Llevó a Pelusa hasta la cocina, le dio un abrazo rápido a su madre y se puso a rebuscar en su cartera.

—¿Otra visita a la tienda de animales? —le preguntó mamá, medio enfadada y medio sonriente—. Este gato se va a creer que cada día es Navidad.

La niña se sintió un poco culpable. La tienda de animales estaba de camino a casa y tenía permiso para entrar en ella un momento, siempre que no se entretuviera mucho. A su madre le gustaba saber dónde estaba.

—Ya lo sé. Pero tú dijiste que le hacía falta un collar. Antes no tenían ninguno bonito de verdad, ¡pero mira este!

Y levantó un collar azul precioso.

—¿A que es bonito? Y, mira, hay un espacio para poner su nombre o lo que sea.

Eli se lo abrochó a la gatita alrededor del cuello y Pelusa sacudió la cabeza con energía, como si no estuviera convencida con aquel atuendo.

—Es un poco grande —dijo Eli mientras lo estudiaba cuidadosamente—. Pero supongo que ya lo llenará cuando crezca, ¿no crees? Se ve estupendo.

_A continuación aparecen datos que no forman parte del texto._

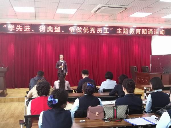 按照四平市分公司“雙創建、雙提升”方案要求,5月8日下午,梨樹縣分公司舉辦了“學先進、樹典型、爭做優秀員工”主題教育朗誦活動。此次活動吸引了各部室、各支局的11名員工參加。

Del collar colgaba una pequeña chapa redonda y dorada.

—Mira, aquí podemos escribir su nombre o lo que queramos —explicó la niña—. En la tienda pueden hacerlo, pero antes de pedírselo he preferido venir a casa para pensarlo bien. ¿Quizá deberíamos grabar también nuestra dirección, por si acaso se pierde?

Su madre se quedó pensativa durante un momento.